═══ RECORDED DATA ═══

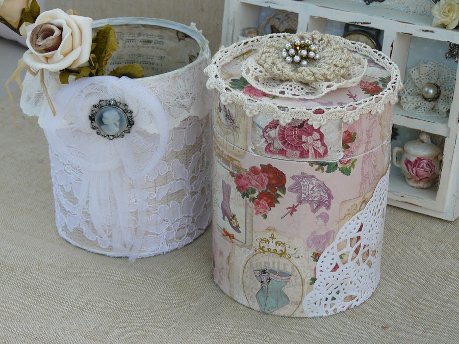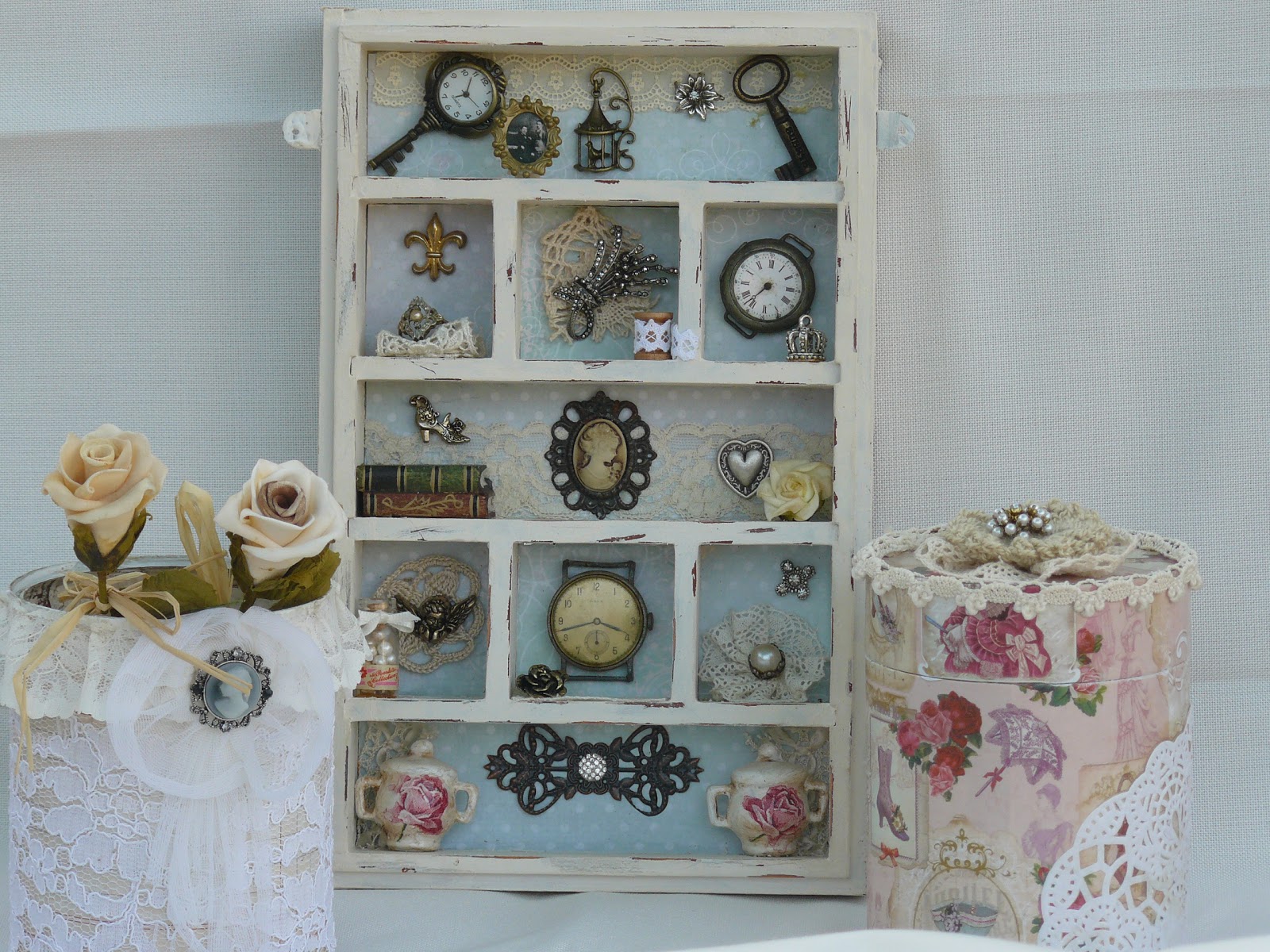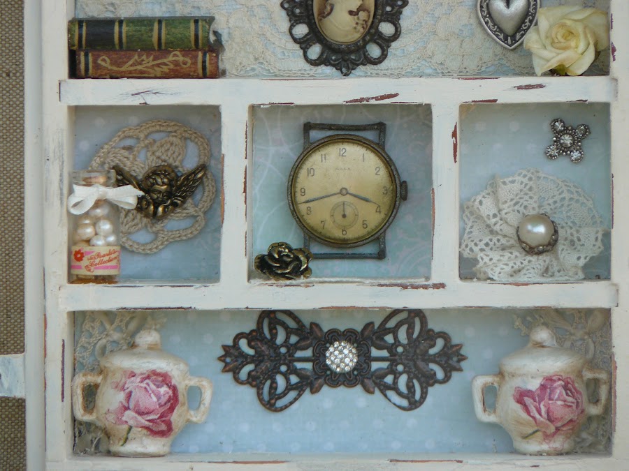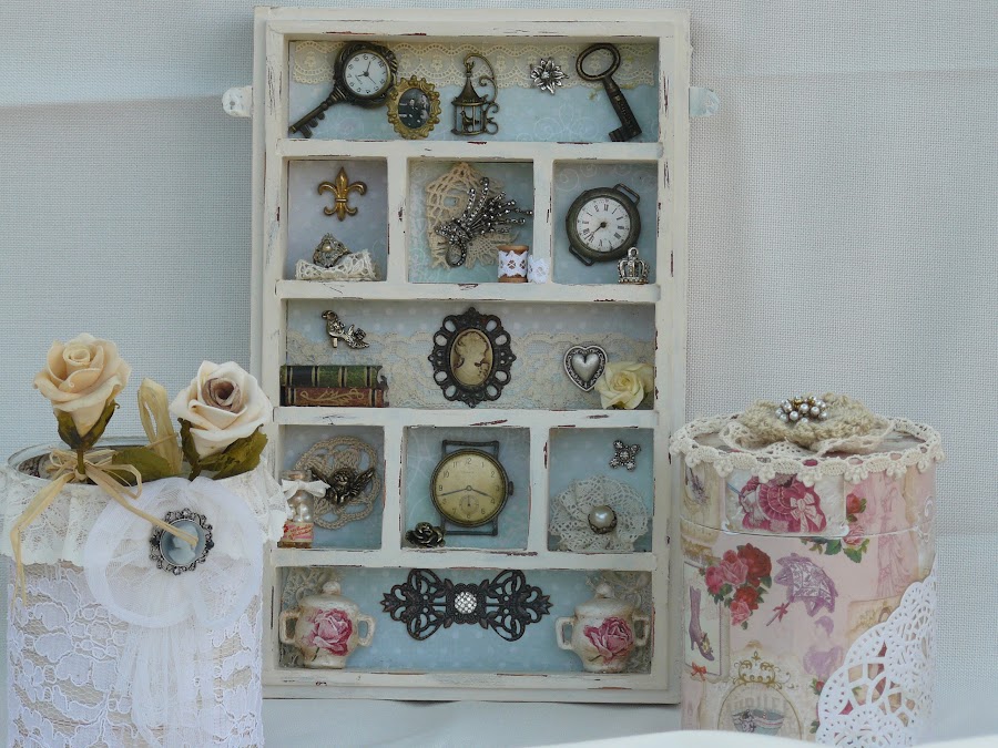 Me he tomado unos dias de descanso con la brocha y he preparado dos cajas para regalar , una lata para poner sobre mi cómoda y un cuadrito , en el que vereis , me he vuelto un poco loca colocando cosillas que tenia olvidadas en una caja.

═══
═══ RECORDED DATA ═══

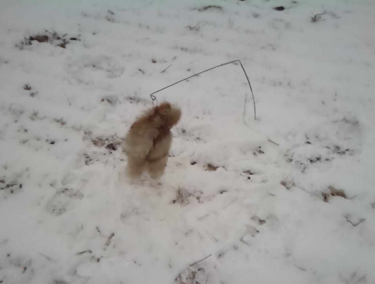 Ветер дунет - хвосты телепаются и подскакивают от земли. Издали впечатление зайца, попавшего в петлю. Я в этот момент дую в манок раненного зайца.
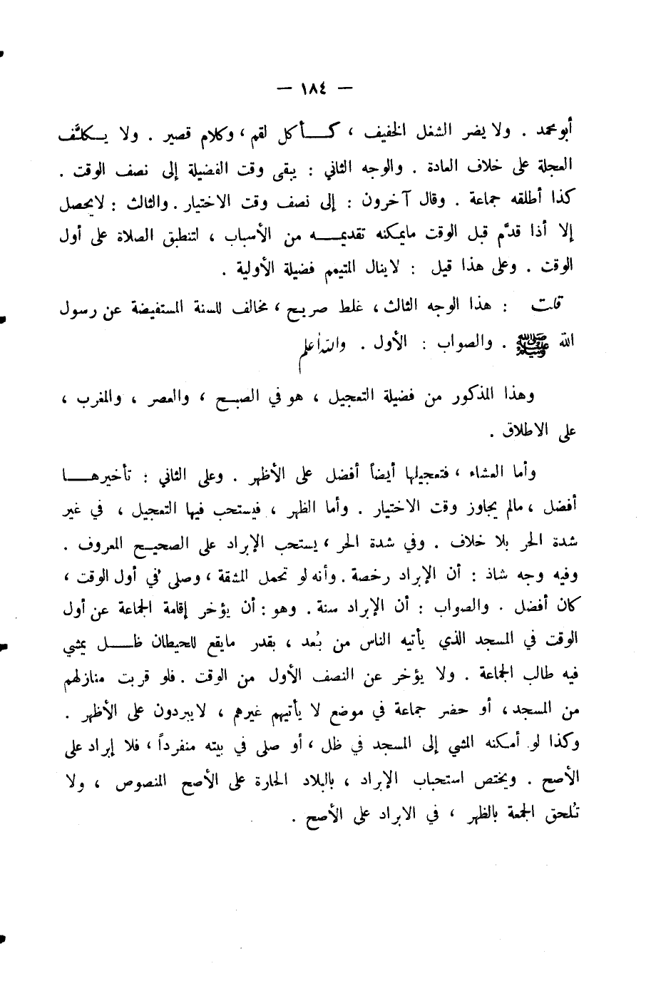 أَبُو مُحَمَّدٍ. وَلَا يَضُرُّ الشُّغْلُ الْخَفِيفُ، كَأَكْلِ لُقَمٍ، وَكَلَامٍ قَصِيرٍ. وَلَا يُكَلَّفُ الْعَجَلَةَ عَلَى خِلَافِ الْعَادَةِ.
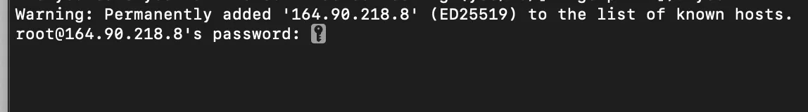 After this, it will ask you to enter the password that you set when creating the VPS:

═══

INSTRUCTIONS TO FOLLOW:
Nothing outside the stretch above, from the line with "أَبُو مُحَمَّدٍ. وَلَا" through the line with "After this, it", is set down. Transcribe that stretch exactly, ends included, but not its pictures.

SOLUTION FOR THIS EXERCISE:
 أَبُو مُحَمَّدٍ. وَلَا يَضُرُّ الشُّغْلُ الْخَفِيفُ، كَأَكْلِ لُقَمٍ، وَكَلَامٍ قَصِيرٍ. وَلَا يُكَلَّفُ الْعَجَلَةَ عَلَى خِلَافِ الْعَادَةِ.
 After this, it will ask you to enter the password that you set when creating the VPS:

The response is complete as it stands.